[Materials provided]

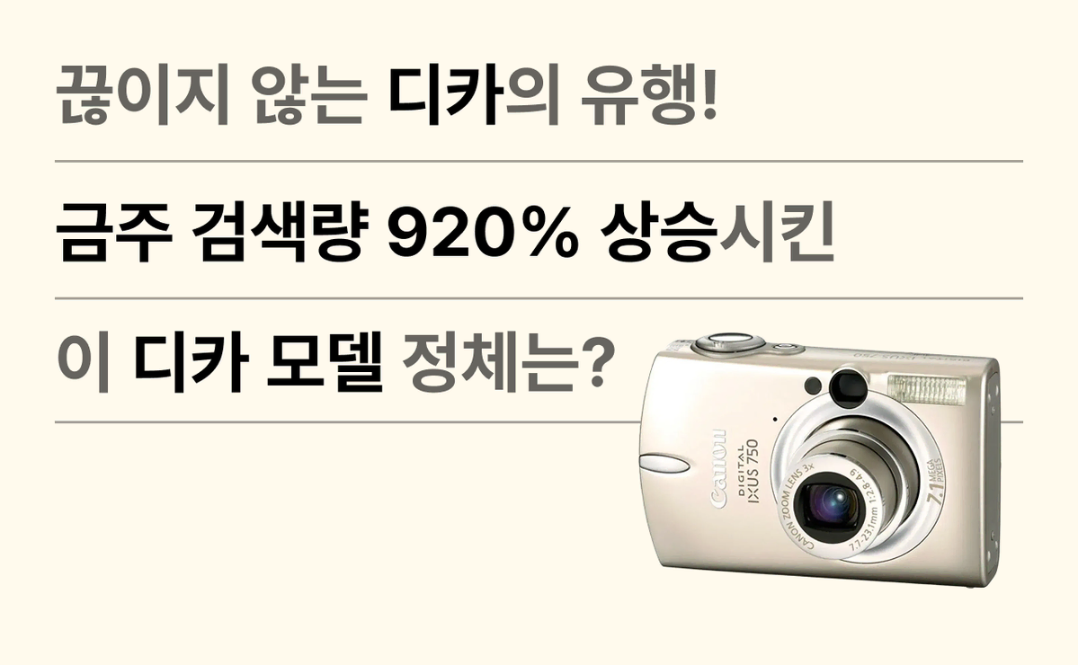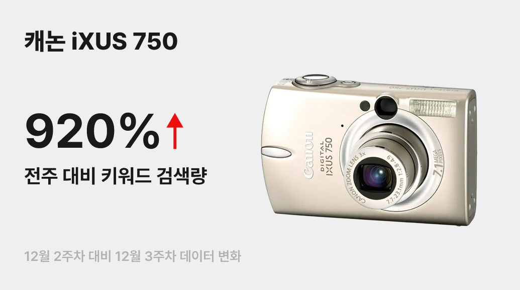 레트로 감성이 지속되며 일회용 카메라를 넘어 디지털 카메라의 유행도 이어지고 있습니다. 이러한 흐름 속에서 금주 번개장터에서는 ‘캐논 익서스 750’ 모델이 급부상했어요. 관련 검색량이 전주 대비 920% 증가한 1,163건을 기록하며 뜨거운 관심을 증명했는데요.
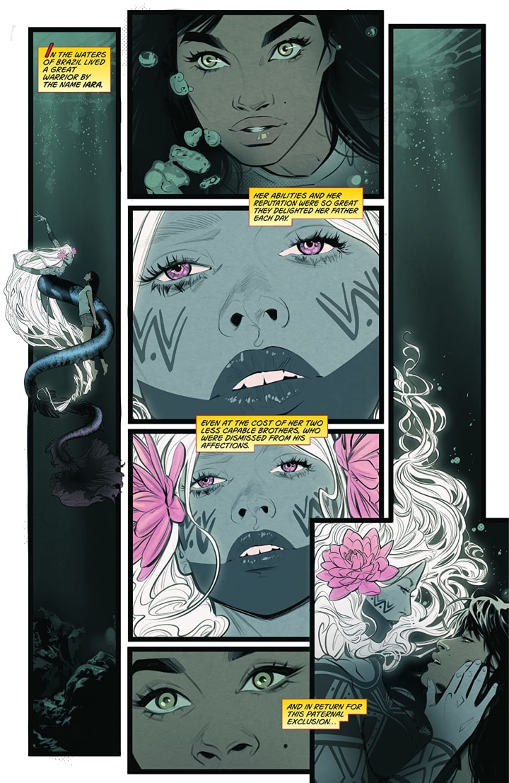 After receiving a sacred gift from the gods of Brazil, our hero seems destined for great things. Little does she know, another pantheon has been watching her as well. Hera, queen of the Greek gods, has chosen Yara to become her latest champion. But what need does the goddess have for a warrior of her own? Find out in this stirring second issue!
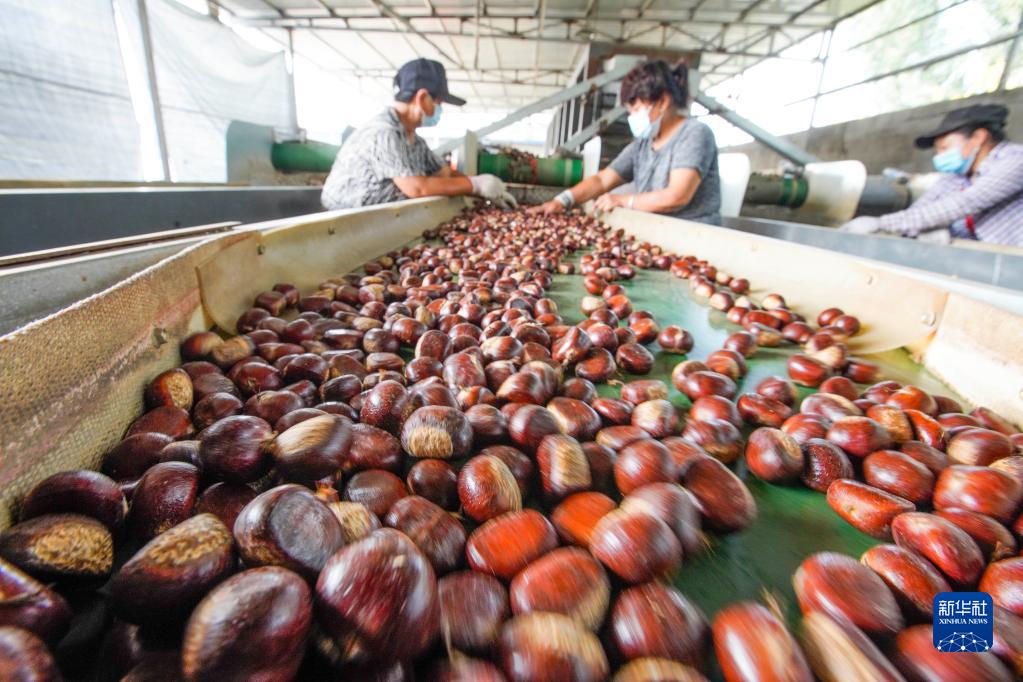 进入九月,河北省遵化市的板栗进入成熟、收获的季节,当地农民抓紧进行收获、剥栗蓬、直播销售和板栗加工等工作,山乡一片忙碌景象。
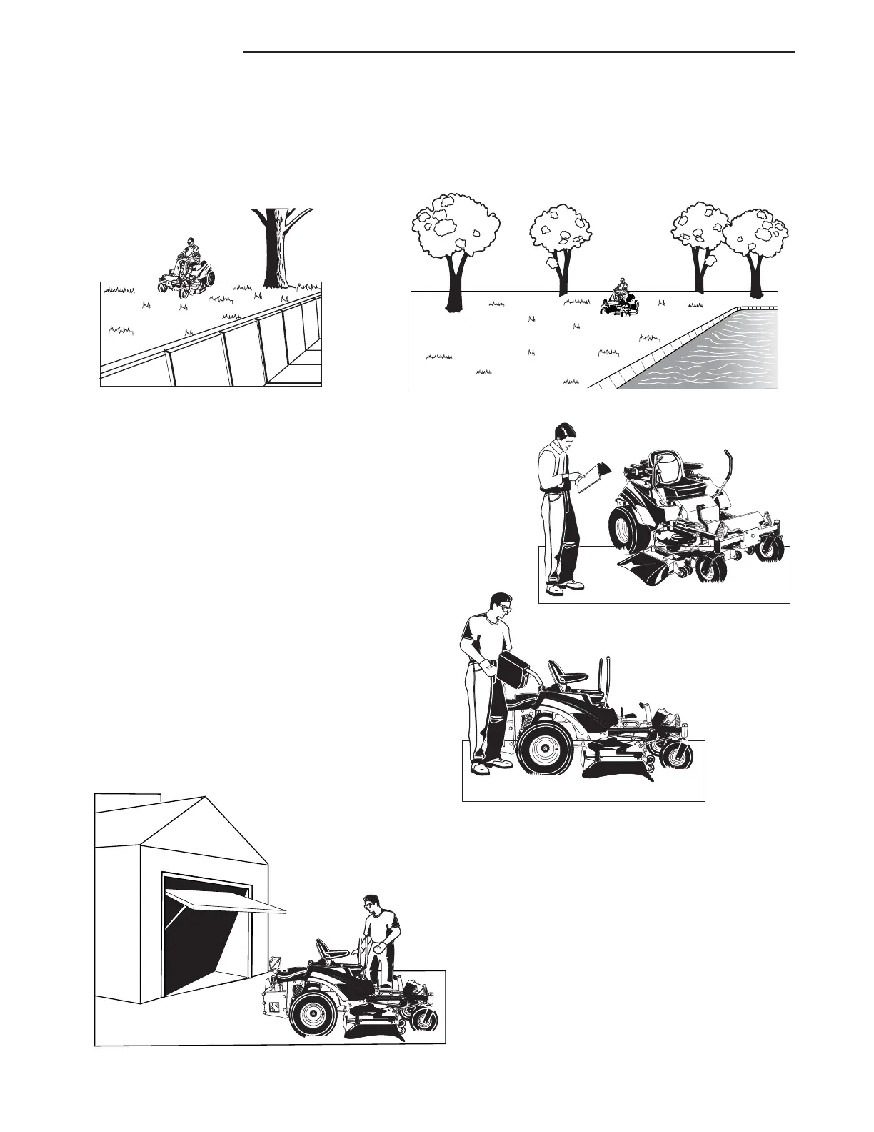 of clearance around these hazards and hand-trim with a walk behind mower or string trimmer. Wheels dropping over
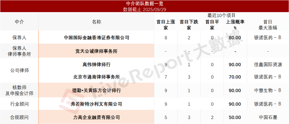 据LiveReport大数据统计,极米科技中介团队共计7家,其中保荐人1家,近10家保荐项目数据表现良好;公司律师共计2家,综合项目数据表现不错。整体而言中介团队历史数据表现较好。
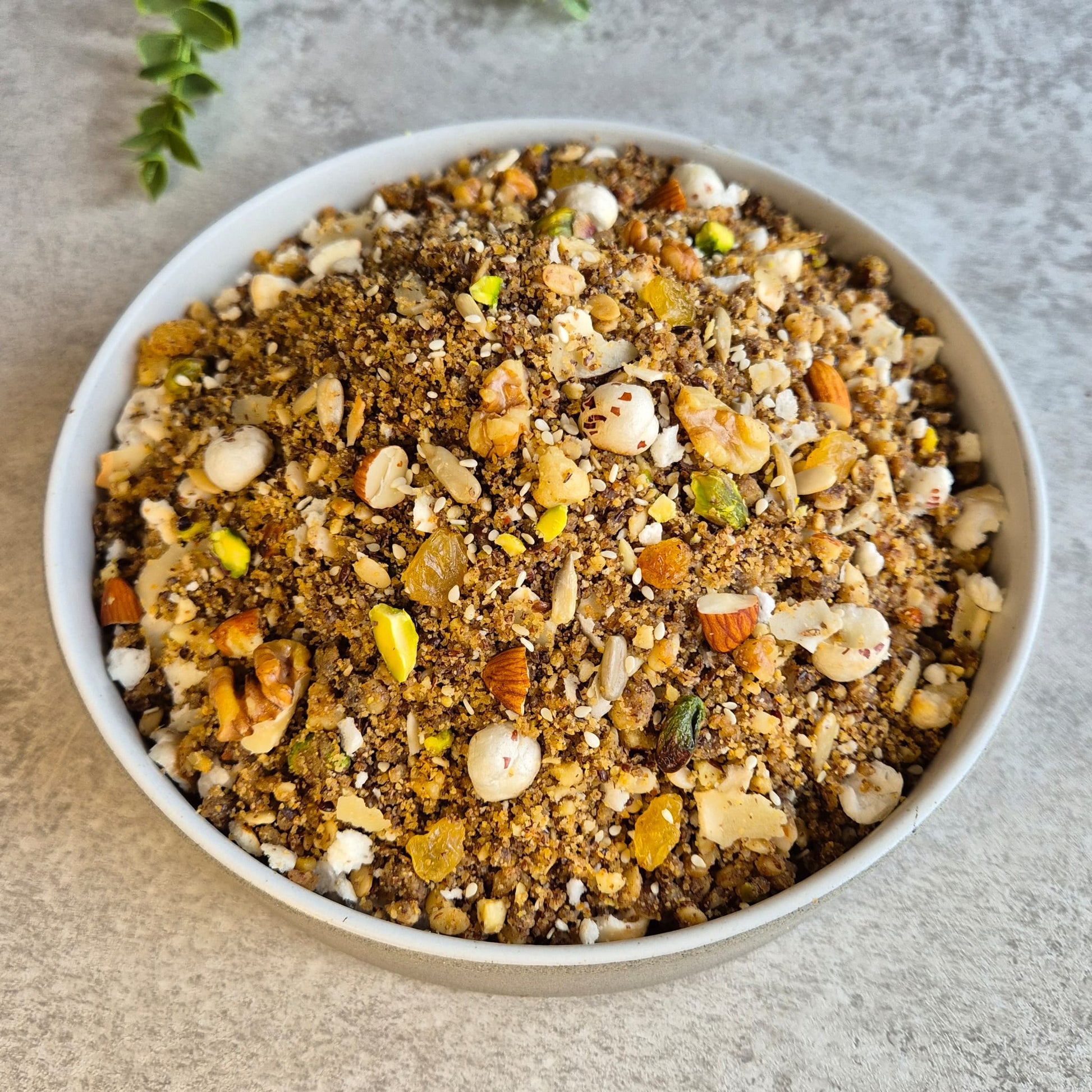Alsi (Flaxseeds), Wheat flour, Gurr (Jaggery), Pure Ghee, Almonds, Walnuts, Cashew nuts, Fox seeds (phool makhana), Raisins, Coconut, Pistachio, Melon seeds, Sunflower seeds,Sesame seeds
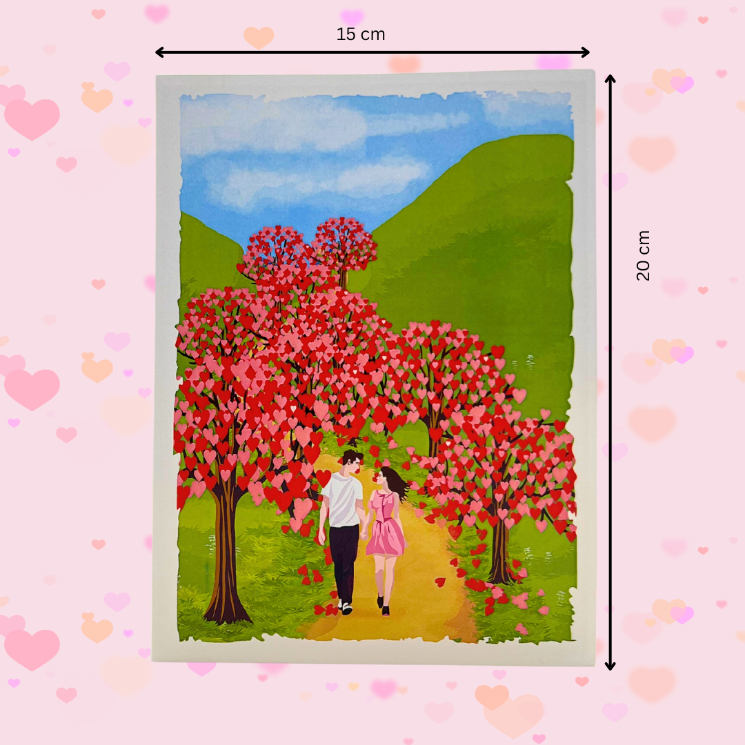 Discover the enchanting allure of our exclusive 'Heart Tree Avenue' 3D Pop-Up Card. As you open this masterpiece, measuring an impressive 20x30 cm, you are greeted by an idyllic scene where romance comes alive. Each tree, laden with rich red heart-shaped leaves, forms a breathtaking canopy over a tender couple strolling down the path of love. Crafted with precision and artistic flair, this card captures the essence of affection and the serenity of nature's beauty. It's an extraordinary gift for your significant other on Valentine's Day, anniversaries, or to simply say 'I cherish you.' This piece of art folds neatly into a bespoke envelope, poised to bring joy and a touch of whimsy to your loved one's day.
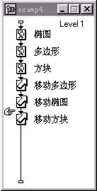 在这里,显示对象层次的级别只限于在运动过程中,也就是说,显示对象在运动的过程中遵循层次级别的重叠方式。当显示对象运动到目的地静止后,显示对象之间的重叠方式则不再遵循设定的层次级别方式,静止后的重叠方式由程序主流程线上【移位】设计按钮的先后位置决定(如图4-6所示)。
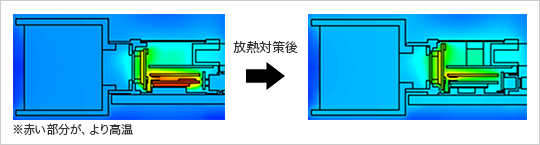 また、熱シミュレーションを実施し熱が1か所に集中することなく、熱源から均等に拡散するような、最適な放熱構造となるように検証を行っています。

[/Materials provided]

## What is needed
Apart from the images, every line above is to be given again exactly.

## Response box
 레트로 감성이 지속되며 일회용 카메라를 넘어 디지털 카메라의 유행도 이어지고 있습니다. 이러한 흐름 속에서 금주 번개장터에서는 ‘캐논 익서스 750’ 모델이 급부상했어요. 관련 검색량이 전주 대비 920% 증가한 1,163건을 기록하며 뜨거운 관심을 증명했는데요.
 After receiving a sacred gift from the gods of Brazil, our hero seems destined for great things. Little does she know, another pantheon has been watching her as well. Hera, queen of the Greek gods, has chosen Yara to become her latest champion. But what need does the goddess have for a warrior of her own? Find out in this stirring second issue!
 进入九月,河北省遵化市的板栗进入成熟、收获的季节,当地农民抓紧进行收获、剥栗蓬、直播销售和板栗加工等工作,山乡一片忙碌景象。
 of clearance around these hazards and hand-trim with a walk behind mower or string trimmer. Wheels dropping over
 据LiveReport大数据统计,极米科技中介团队共计7家,其中保荐人1家,近10家保荐项目数据表现良好;公司律师共计2家,综合项目数据表现不错。整体而言中介团队历史数据表现较好。
Alsi (Flaxseeds), Wheat flour, Gurr (Jaggery), Pure Ghee, Almonds, Walnuts, Cashew nuts, Fox seeds (phool makhana), Raisins, Coconut, Pistachio, Melon seeds, Sunflower seeds,Sesame seeds
 Discover the enchanting allure of our exclusive 'Heart Tree Avenue' 3D Pop-Up Card. As you open this masterpiece, measuring an impressive 20x30 cm, you are greeted by an idyllic scene where romance comes alive. Each tree, laden with rich red heart-shaped leaves, forms a breathtaking canopy over a tender couple strolling down the path of love. Crafted with precision and artistic flair, this card captures the essence of affection and the serenity of nature's beauty. It's an extraordinary gift for your significant other on Valentine's Day, anniversaries, or to simply say 'I cherish you.' This piece of art folds neatly into a bespoke envelope, poised to bring joy and a touch of whimsy to your loved one's day.
 在这里,显示对象层次的级别只限于在运动过程中,也就是说,显示对象在运动的过程中遵循层次级别的重叠方式。当显示对象运动到目的地静止后,显示对象之间的重叠方式则不再遵循设定的层次级别方式,静止后的重叠方式由程序主流程线上【移位】设计按钮的先后位置决定(如图4-6所示)。
 また、熱シミュレーションを実施し熱が1か所に集中することなく、熱源から均等に拡散するような、最適な放熱構造となるように検証を行っています。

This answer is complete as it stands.